Section C1: Date and time of the incident: If there is no eyewitness testimony, do not speculate as to the time of the accident. A range of dates can be provided if the accident occurred in the late evening and no one knows for sure when it occurred.

Section C3: What was the employee doing just before the incident occurred? If there is no reliable eyewitness testimony, do not speculate as to what the employee was doing at the time the incident occurred. A permissible answer would be, “Unknown, no eyewitness testimony.” If the company wants to state a best assessment based on physical evidence as to what occurred, an example could be, “Unknown, no eyewitness testimony. The company believes the injured employee was loading widgets into the grinder. Investigation continues.”

Section C4: What happened? A simple description of what occurred is sufficient. No regulation requires the employer to do a root cause analysis on the accident and to provide an exhaustive chronology of facts. Likewise, employers do not have to generate written employee statements or photographs to submit with the RRI. Again, if there is no reliable eyewitness testimony, do not speculate as to what the employee was doing at the time the incident occurred. If the company wants to provide basic detail, a proposed answer could be, “Co-workers saw the injured employee remove a machine guard and place his hand in the operational grinder machine.”

Section C5: What was the injury or illness? Again, a simple statement is appropriate. Employers are not required to provide a detailed medical description of the injury or illness. If an employee injury or illness has been diagnosed by a doctor, provide that summary diagnosis. If the injury is clear (e.g., finger amputation), provide that description.
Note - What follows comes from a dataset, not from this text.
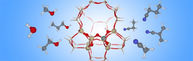 Since many industrially important processes start with the adsorption of guest molecules inside the pores of an acidic zeolite catalyst, a proper estimate of the adsorption enthalpy is of paramount importance. In this contribution, we report ab initio calculations on the adsorption of water, alcohols and nitriles at the bridging Brønsted sites of H-ZSM-5, using both cluster and periodic models to account for the zeolite environment. Stabilization of the adsorption complexes results from hydrogen bonding between the guest molecule and the framework, as well as from embedding, i.e. van der Waals interactions with the pore walls. Large-cluster calculations with different DFT-methods, in particular B3LYP(-D), PBE(-D) M062X(-D) and ωB97X-D, are tested for their ability to reproduce the experimental heats of adsorption available in literature. (J. Phys. Chem. B 1997, 101, 3811-3817) A proper account of dispersion interactions is found to be crucial to describe the experimental trend across a series of adsorbates of increasing size, i.e. an increase in adsorption enthalpy by 10-15 kJ/mol for each additional carbon atom. The extended-cluster model is shown to offer an attractive alternative to periodic simulations on the entire H-ZSM-5 unit cell, resulting in virtually identical results for the final adsorption enthalpies. Comparing calculated stretch frequencies of the zeolite acid sites and the adsorbate functional groups with experimental IR-data additionally confirms the cluster approach provides an appropriate representation of the adsorption complexes.

Otherwise, do not speculate beyond common knowledge; simply state, “The employee injured his finger” or, “The employee’s finger was amputated.”

Section C6: What object or substance directly harmed the employee? Again, if there is no reliable eyewitness testimony or unquestionable physical evidence, do not guess as to what the employee was doing at the time the incident occurred. Be careful speculating as to what occurred: “The employee was discovered on the floor next to a fallen ladder. It is believed that he was injured and may have fallen. Investigation continues.”

Section D: What caused or allowed this incident to happen? OSHA’s instructions ask for a full analysis of the equipment, policies, and compliance. Keep the answer short and limited to known facts. If the employee was properly trained and did not comply with his training or use an appropriate tool, practice, or safety device, which would constitute employee misconduct and a potential defense to an OSHA violation, describe the misconduct.

Section E: Corrective actions taken to prevent future incidents: OSHA is less likely to conduct an inspection if it believes that corrective actions to prevent future accidents have been taken. Taking corrective action is not an admission of liability for OSHA violations, but it should not be described in terms of an action that the employer “should” have taken before the accident and “failed” to do so, which would be an admission. Employers should specify what actions have been taken following the accident. The most common actions would be retraining employees on proper safety procedures, use of tools or safety devices, or wearing of personal protective equipment.

It is recommended that employers utilize an RRI form to respond to OSHA, although the employer always has the option of a narrative in letter format. In either event, the response must be factually accurate and not based on speculation, which may not be correct. In addition, the employer is not required to admit any violations in the RRI that can occur if the employer does not limit the response to known facts about the event and description of any corrective action. In the event of a serious injury or fatality, engagement of experienced OSHA counsel should be considered to create legal privileges.